マーク・リッパート前駐韓米国大使は3日、「アジア太平洋地域で力学関係が変わりつつあり、これが今後数十年にわたり根本的な変化をもたらすだろう」とし、韓国と米国がさらに強力なパートナーシップを構築していくべきだと述べた。
リッパート前大使は同日、海軍や韓国海洋戦略研究所、韓国海路研究会の共同主催でソウルのロッテホテルで開かれた「国際海洋力シンポジウム」の基調演説でこのように述べ、「韓米同盟には専門性があり、非常に具体的な成功事例も持っているため、その過程でさらに有利な立場に立てるだろう」と強調した。

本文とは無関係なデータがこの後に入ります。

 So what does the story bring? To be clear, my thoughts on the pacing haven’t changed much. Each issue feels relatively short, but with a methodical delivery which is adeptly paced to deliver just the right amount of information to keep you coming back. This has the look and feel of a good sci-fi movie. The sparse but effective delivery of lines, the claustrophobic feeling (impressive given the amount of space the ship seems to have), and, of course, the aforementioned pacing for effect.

リッパート前大使は、バラク・オバマ大統領時代の2014年10月から2017年1月、ドナルド・トランプ大統領就任前まで駐韓大使を務めた。
彼はアジア太平洋地域の変化を起こす主なアクター(行為主体)として、中国やインド、インドネシアを取り上げ、「これらの国が規則に基づいた国際秩序でアプローチすれば、この地域にさらに強力な同盟とパートナーシップが構築されるだろう」と見通した。彼は同地域を再編する5つの力の要素として、外交政策、力学関係、第4次産業革命、経済力、人口などを挙げたうえで、第4次産業革命と関連し、「韓米両国は研究開発分野で世界最高の専門家や商業技術、革新センターを保有している」と強調した。
リッパート前大使は、朝米非核化協議の再開や韓国の韓日軍事情報包括保護協定(GSOMIA)終了宣言以降、米国が「強い懸念と失望」を示したことで提起された問題については、発言を控えた。リッパート前大使は演説の最後に、「北朝鮮について話すつもりはない。平壌(ピョンヤン)が脅威的でないとか、米国が平壌を無視するという誤った印象を与えたくない」と述べた。

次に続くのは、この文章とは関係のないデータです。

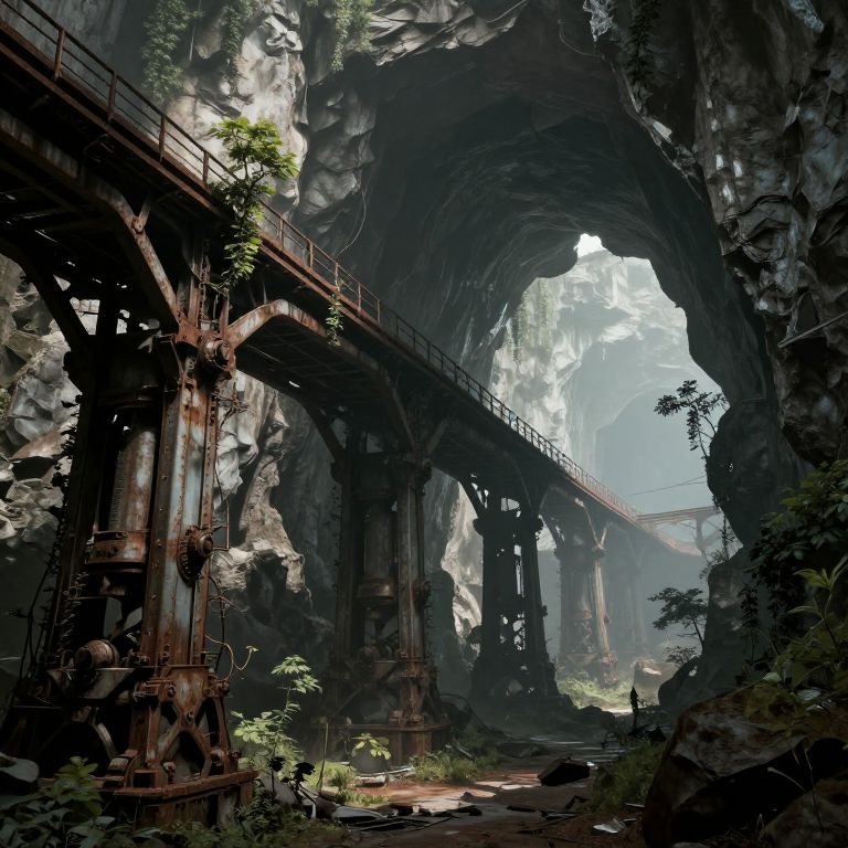 The image depicts a futuristic, industrial bridge spanning an underground cave. The bridge, constructed from weathered metal, features a series of arches supported by intricate, mechanical pillars. The scene is bathed in a muted, industrial light, casting long shadows and highlighting the textures of the rusted metal and the rough, rocky walls. Vegetation, including small trees and vines, begins to reclaim the space, growing around the pillars and along the edges of the bridge. The overall atmosphere is one of decay and abandonment, yet there is a sense of resilience as nature slowly encroaches upon the man-made structures. The composition is dynamic, with the bridge arches leading the eye towards the distant, misty horizon, creating a sense of depth and scale. The image evokes a sense of the grimdark future, where industrial ruins and cyberpunk aesthetics coexist, hinting at a world where technology and nature are in a constant, uneasy balance.

今年で14回目を迎える今回の「国際海洋力シンポジウム」のテーマは「アジア太平洋地域の平和と繁栄のための海洋安全保障の増進に向けた協力案」だ。韓国をはじめ、米国や英国、中国、インド、ドイツ、日本、ノルウェーなど8カ国の安保専門家や海洋学者、18カ国の将校など約300人が参加した。シム・スンソプ海軍参謀総長は開会の挨拶で、アジア太平洋諸国が海洋主権と権益のために競争している現実について言及し、「競争よりは協力を、対立よりは信頼を追求し、互いの利益を最大限高める最善の案を模索しなければならない」と強調した。